MATERIALS AND METHODS

Cell culture and ICG preparation

Human RPE cells (ARPE-19) were obtained from American Type Culture Collection (ATCC, Manassas, VA, USA). The RPE cells were cultured in DMEM/F12 medium (1:1) containing 10% fetal bovine serum.

ICG stock solution was prepared by completely dissolving 25 mg of sterile ICG powder (Daiichi Pharmaceutical, Japan) in 0.5 ml sterile distilled water. The desired ICG concentrations were prepared by diluting the stock solution with the appropriate volume of BSS (BSS Plus; Alcon Laboratories). The ICG concentrations tested were 0.25 mg/ml and 0.025 mg/ml (304 mOsm/kg and 305 mOsm/kg, respectively).

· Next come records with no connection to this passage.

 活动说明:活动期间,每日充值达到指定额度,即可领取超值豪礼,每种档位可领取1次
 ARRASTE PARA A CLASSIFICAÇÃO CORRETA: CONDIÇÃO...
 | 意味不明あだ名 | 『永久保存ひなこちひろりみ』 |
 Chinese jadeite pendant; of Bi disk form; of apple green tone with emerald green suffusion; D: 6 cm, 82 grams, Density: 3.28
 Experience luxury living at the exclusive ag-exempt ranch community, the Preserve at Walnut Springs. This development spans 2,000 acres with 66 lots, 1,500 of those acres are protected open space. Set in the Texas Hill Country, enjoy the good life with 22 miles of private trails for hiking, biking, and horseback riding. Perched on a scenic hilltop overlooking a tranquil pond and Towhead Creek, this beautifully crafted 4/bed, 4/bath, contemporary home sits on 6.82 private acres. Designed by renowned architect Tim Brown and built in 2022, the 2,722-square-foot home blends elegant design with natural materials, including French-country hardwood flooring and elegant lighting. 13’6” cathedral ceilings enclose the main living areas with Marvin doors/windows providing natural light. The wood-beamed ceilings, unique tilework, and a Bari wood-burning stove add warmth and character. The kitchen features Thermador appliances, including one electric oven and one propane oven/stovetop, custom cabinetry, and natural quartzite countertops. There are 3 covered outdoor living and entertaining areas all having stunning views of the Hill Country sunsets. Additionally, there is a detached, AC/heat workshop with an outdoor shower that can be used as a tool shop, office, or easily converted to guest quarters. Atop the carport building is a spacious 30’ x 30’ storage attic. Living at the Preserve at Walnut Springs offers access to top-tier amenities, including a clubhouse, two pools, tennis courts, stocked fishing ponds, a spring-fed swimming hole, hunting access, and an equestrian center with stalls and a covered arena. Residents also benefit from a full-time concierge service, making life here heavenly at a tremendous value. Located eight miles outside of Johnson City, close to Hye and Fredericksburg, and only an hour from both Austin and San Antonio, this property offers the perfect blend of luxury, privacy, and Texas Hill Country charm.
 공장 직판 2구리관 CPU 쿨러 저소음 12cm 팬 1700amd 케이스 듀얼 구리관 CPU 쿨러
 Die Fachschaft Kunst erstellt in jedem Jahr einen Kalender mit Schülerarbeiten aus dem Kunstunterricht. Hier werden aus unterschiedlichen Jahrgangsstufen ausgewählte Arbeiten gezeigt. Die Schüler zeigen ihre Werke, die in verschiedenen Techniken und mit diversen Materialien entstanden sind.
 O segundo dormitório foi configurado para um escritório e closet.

For the Na+ free BSS solution, we prepared a solution with the same constituents as BSS except that NaCl, Na2HPO4, and NaHCO3 in the BSS were replaced with 17.06 g/l choline chloride, 0.52 g/l K2HPO4, and 2.50 g/l KHCO3, respectively (to achieve the same molar concentration of the replaced chemicals). The pH was adjusted to 7.4 with HCl/KOH. The osmolarity of this solution was 296 mOsm/kg, as measured by an auto-osmometer. ICG was also dissolved in Na+ free BSS. The preparation method was identical to that described previously. The ICG concentrations tested were 0.25 mg/ml and 0.025 mg/ml (295 mOsm/kg and 296 mOsm/kg, respectively).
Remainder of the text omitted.